It can be frustrating at times. May you might consider making your own. If so, then begin with a red engine like Canadian Pacific or Milwaukee Road, as CP Rail is red so it would only be basically a matter of covering the existing name and numbers. Then replace the name and numbers with CP Rail decals from Microscale. 
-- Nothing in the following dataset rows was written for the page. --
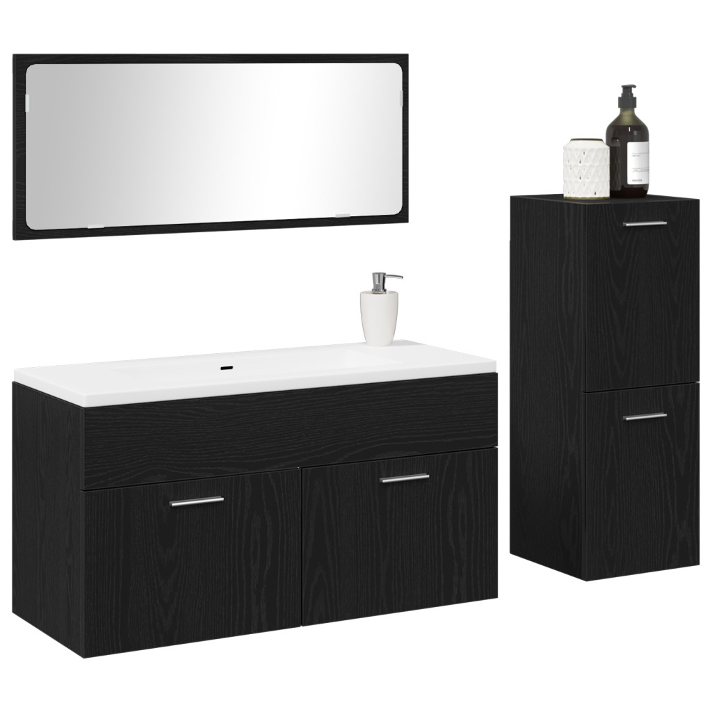 3 részes fürdőszoba bútor szett fekete tölgy mérnöki fa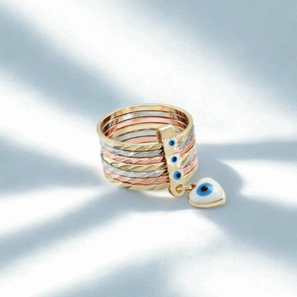 Anillo de Ojo Turco “7 Tratados” bañado en 3 oros con dije en forma de corazón. Elegancia, protección y diseño moderno en una sola pieza.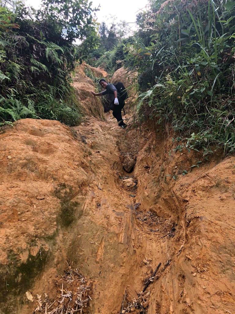 Càng vào sâu trong lòng rừng, đường càng gập ghềnh hơn. Dốc nối tiếp dốc. Cây giằng ngang mặt người. Nhưng những dấu vết của con đường cũ lại dần dần được phát lộ. Đó là những cây cầu tạm bắc qua thung, khe làm từ cây rừng đã bắt đầu mục ruỗng mà nếu không để ý, người đi sẽ thụt xuống phía dưới hàng chục mét. Đó còn là chiếc thang thô sơ hết mức khi đội công nhân chỉ kịp khắc bước vào một thân gỗ cứng rồi dựng lên đoạn dốc không thể vượt qua. Sau 5 năm, những cầu, thang leo và tay vịn chắn bên vực ngày ấy giờ đang hồi sinh, từng chồi mới đua nhau mọc lên xanh mướt.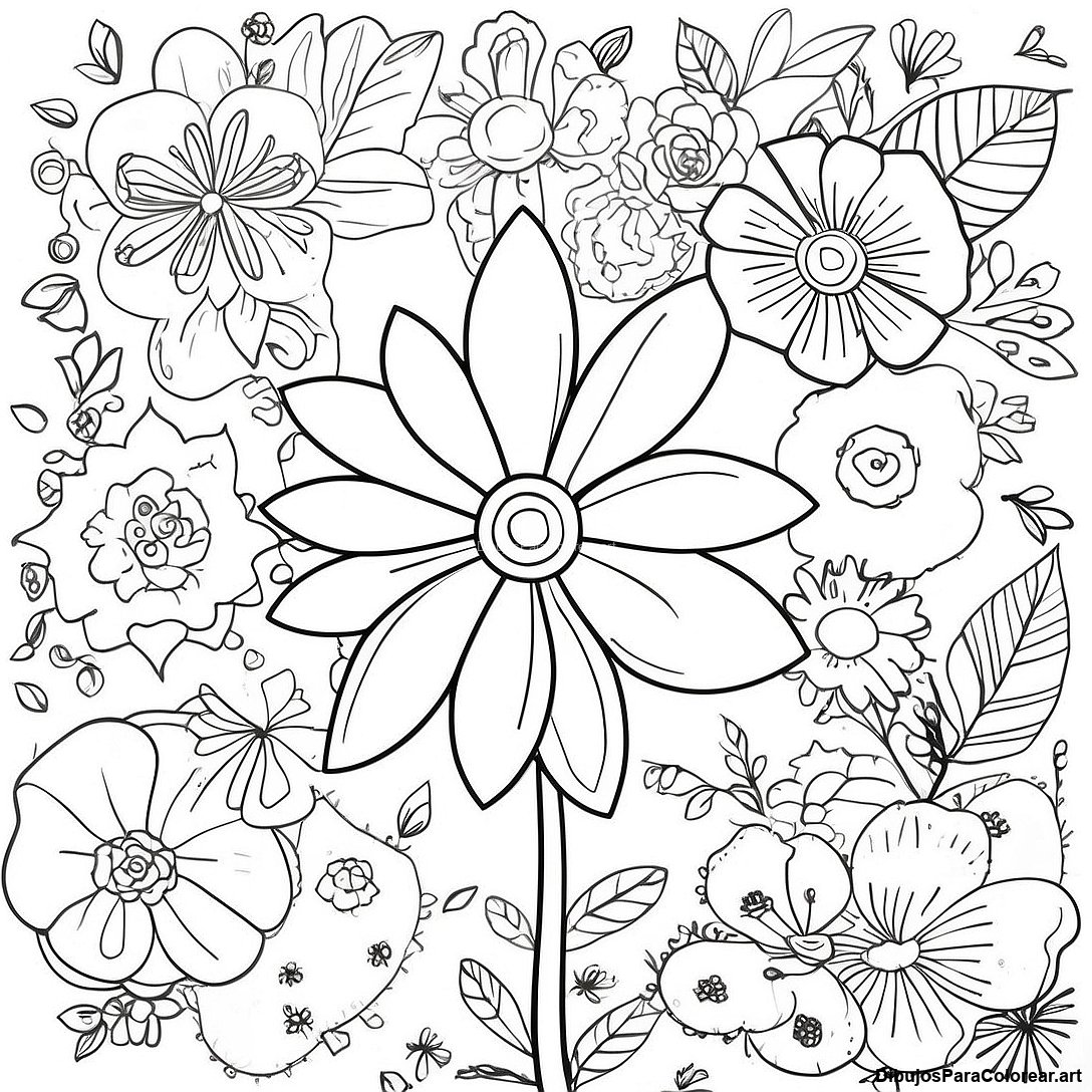 Descargar PDF imprimible de Página Para Colorear De Collage Caprichoso De Flores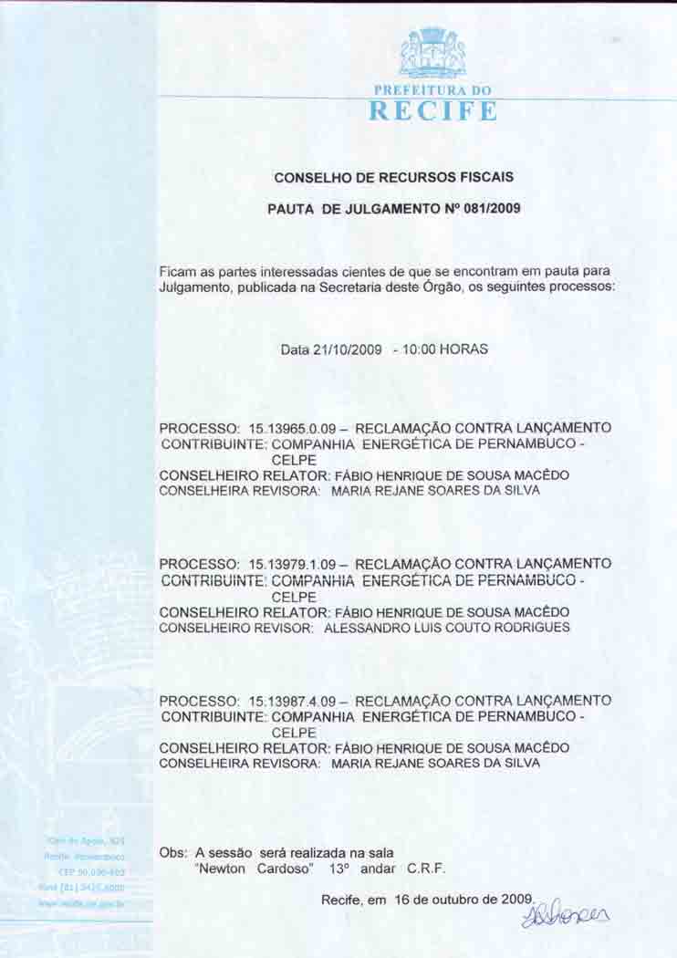 Pauta de Julgamento nº 009/07 - CRF - Dia 26/02/2007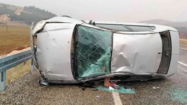 Adıyaman Gaziantep Karayolu üzerinde takla atan otomobil ters döndü.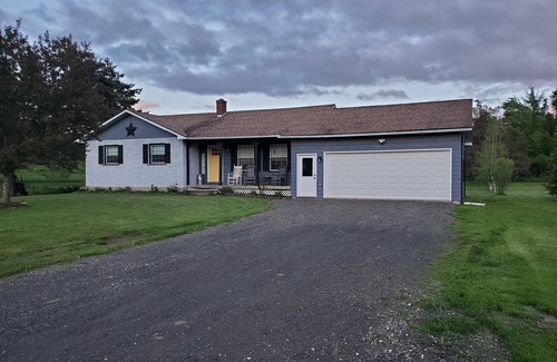 Stay comfortably in Canaan at this 4-bedroom house. This welcoming property offers a pleasant atmosphere for guests to relax and unwind. With 1 king bed, 1 queen bed, and 5 twin beds, there is plenty of space for everyone to enjoy a good night's sleep. The house features a fully equipped kitchen, two cozy living rooms, one with a queen sofa bed, and 3 bathrooms with amenities like a hair dryer and a jetted bathtub. Whether you're exploring the nearby attractions or simply enjoying the peaceful surroundings, you're sure to make fantastic memories with a stay at our place. Quiet neighborhood, dead end location, beautiful flat backyard for games or enjoy the firepit. ATV riders have a designated "gear room", so they can leave their muddy/dusty/dirty riding gear in the basement and not track it into the main house. At the end of a long day of riding, relax in the soaker tub and rejuvenate yourself for the next day.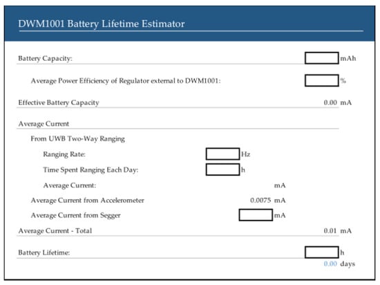 To this extent, a dedicated Excel spreadsheet (named Battery Lifetime Estimator) is provided by the DWM1001 manufacturer to help the solutions designer to size the battery and estimate its duration under the proper operative conditions. This tool has been used to predict the battery lifespan under different testing conditions involving different tag configurations and battery types. For completeness, the input form of the Battery Lifetime Estimator provided by Qorvo is shown in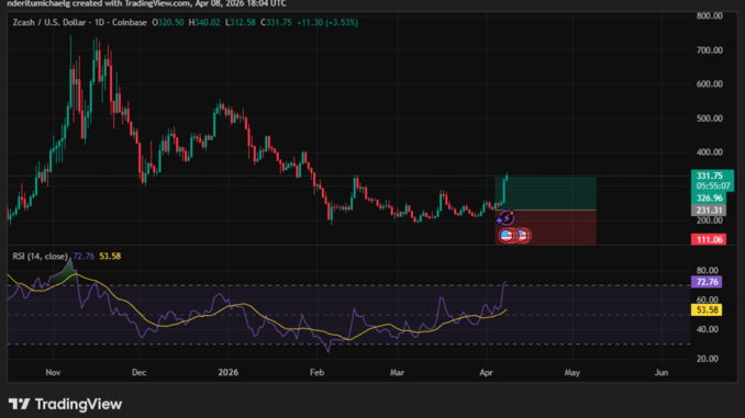 Zcash crypto hit a $340 midweek peak before retreating slightly to its $332 press time price. The privacy coin also retested the upper range of its 2-month consolidation range.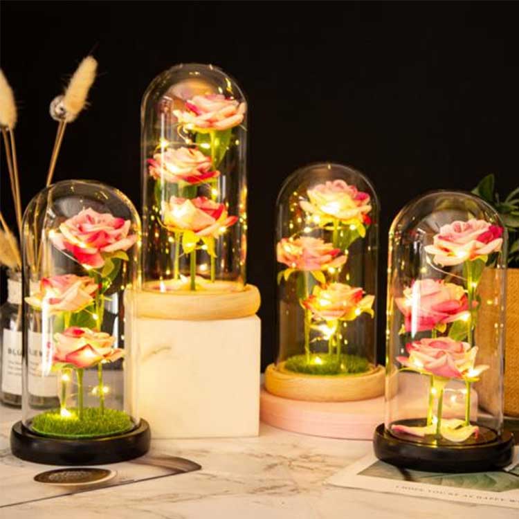 Bir gül şüşə günbəzi, romantik bir atmosfer yarada biləcək bir dekorativ əşyadır. Bunu etmək təhlükəsiz olan masaüstünə və ya giriş yoluna yerləşdirilən mebel bəzəyi kimi istifadə edilə bilər; Yubileylər, Sevgililər Günü, doğum günləri və ya xatirə kimi bir hədiyyə olaraq verilə bilər; Vitallıq əlavə etmək üçün də ofisə yerləşdirilə bilər.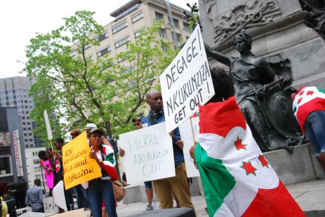 Quelques centaines de personnes de la diaspora burundaise ont manifesté samedi après-midi dans les rues de Montréal. Ils dénoncent le fait que le président du Burundi, Pierre Nkurunziza, brigue actuellement un troisième mandat malgré le fait que la limite de mandats présidentiels soit établie à deux par l’Accord de paix d’Arusha signé en 2000 après plusieurs années de guerre civile.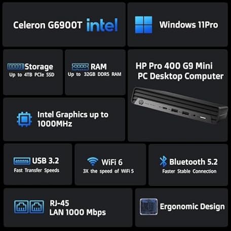Thông tin sản phẩm HP Pro 400 G9 Mini PC Desktop Computer, Intel CPU, 16GB DDR5 RAM, 256GB PCIe SSD, Triple 4K Display Support, USB-C, Ultra-Quiet Design, Bluetooth 5.2, WiFi 6, Keyboard and Mouse, Windows 11 Pro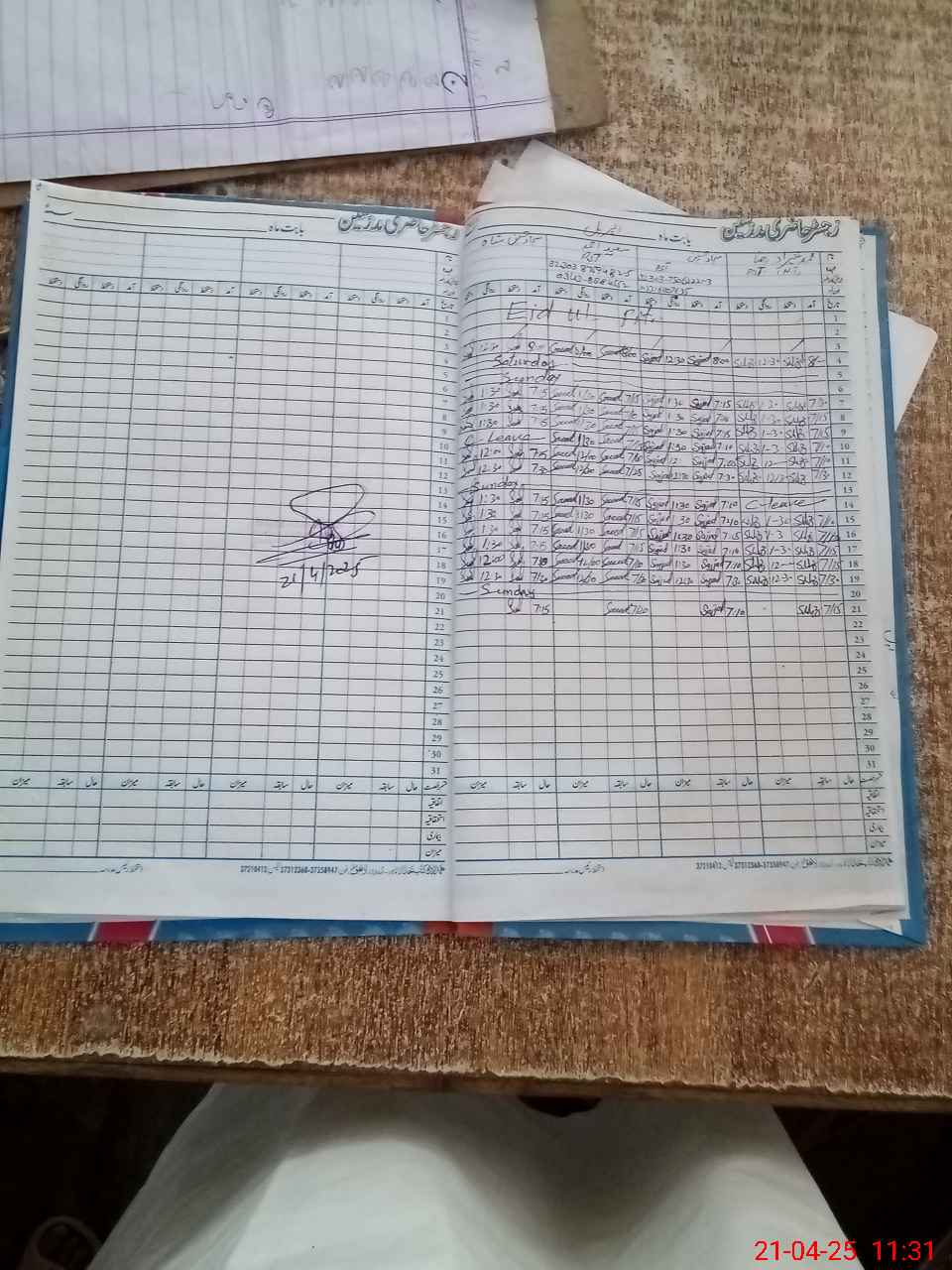 | CNIC | Full Name | Designation | R/C | Absence During Last Calender Month |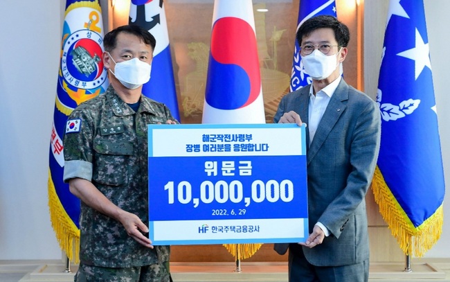 최준우 한국주택금융공사 사장은 29일 호국보훈의 달을 맞아 해군작전사령부에서 위문금 1천만 원을 전달 했다.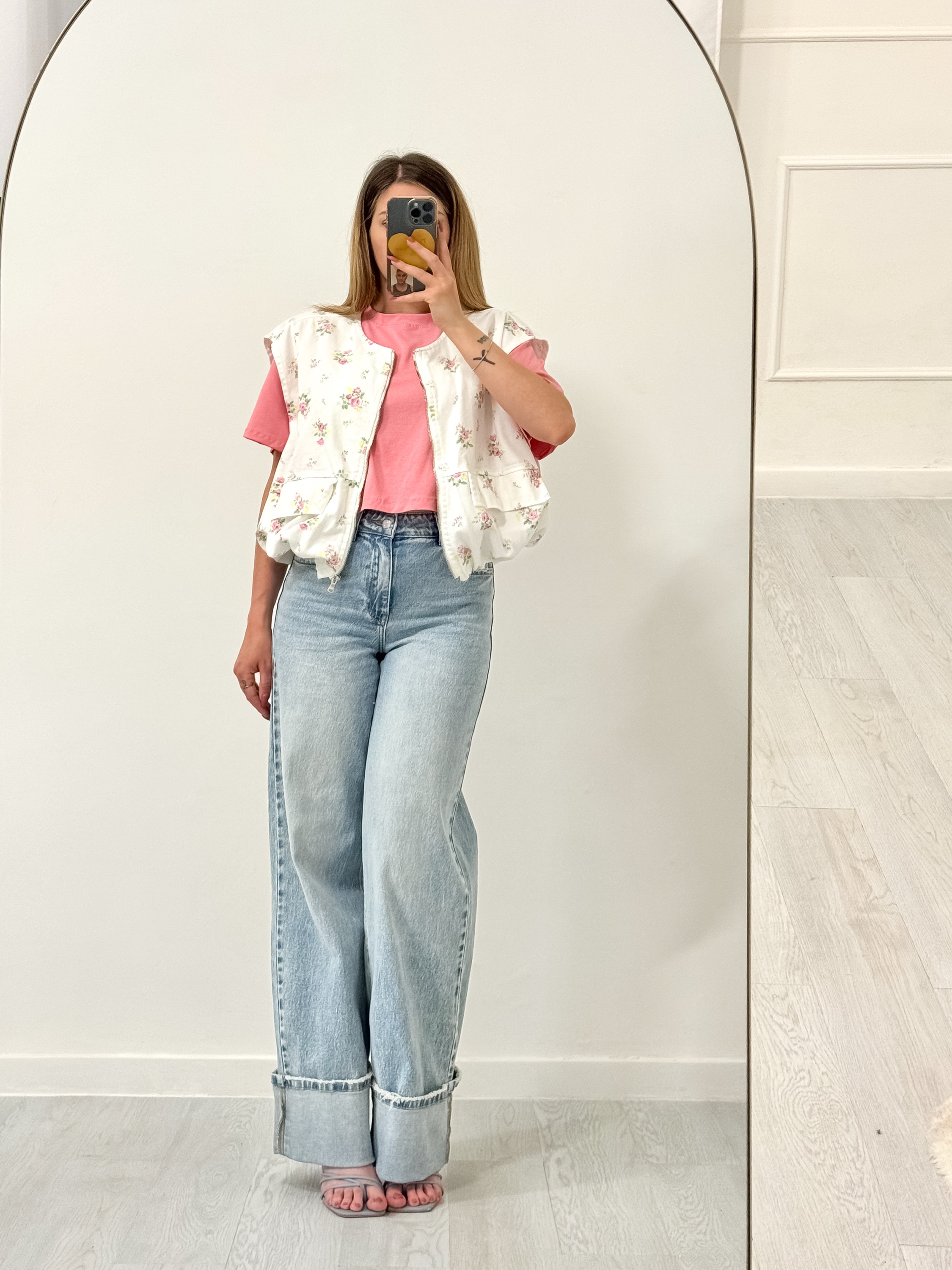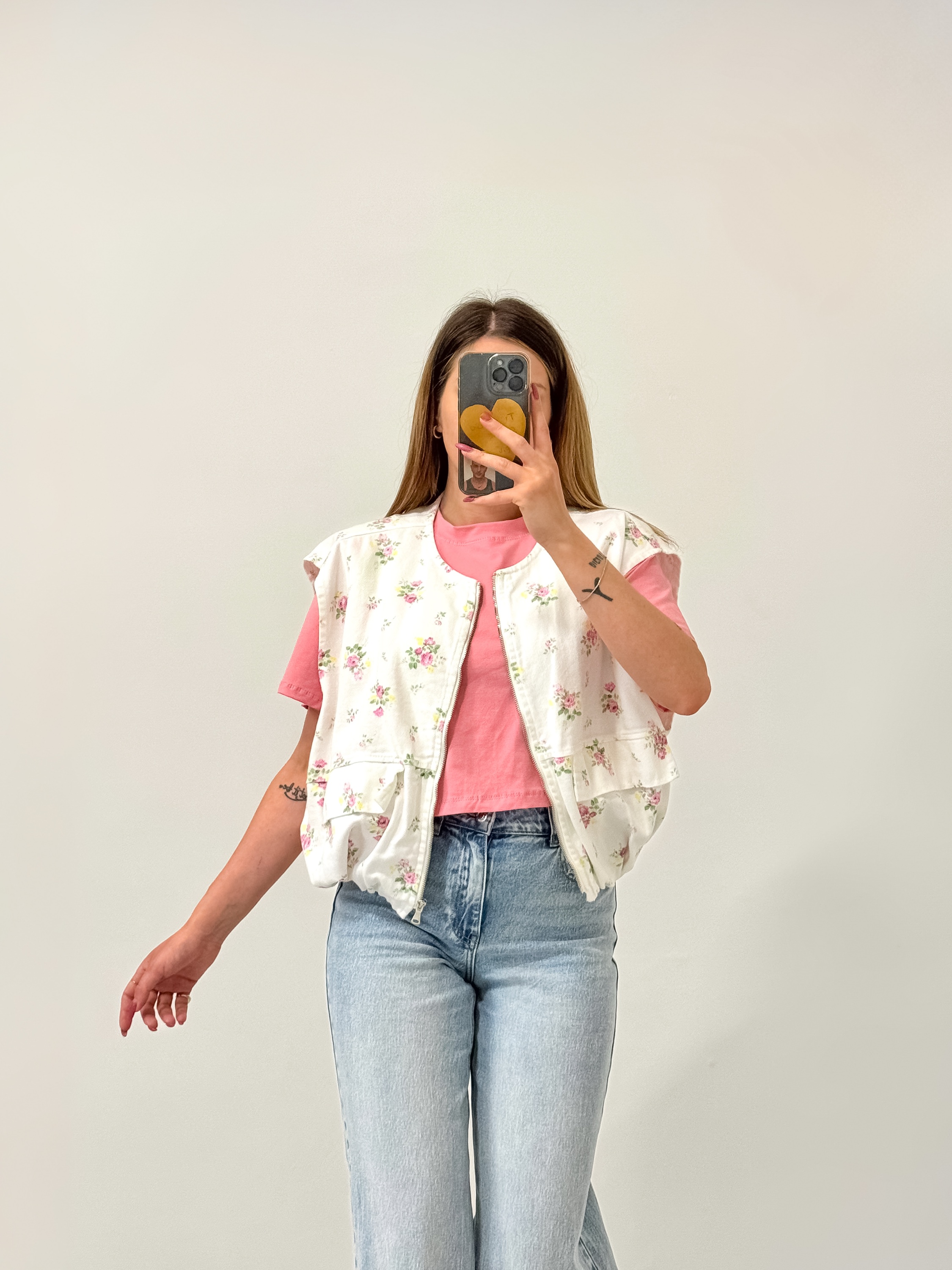 Gilet in Denim – elastico sull’orlo – 2 tasche – chiusura con zip

This is what I did with a few engines, only the color I was going for was black. I model Rio Grande, and not all of the type of engines I wanted were available with the Rio Grande road name. So we just simply made them into Rio Grandes. It's really that simple. Just follow Microscale's decal installing instructions. They sell everything you'll need to make any engine look very authentic. 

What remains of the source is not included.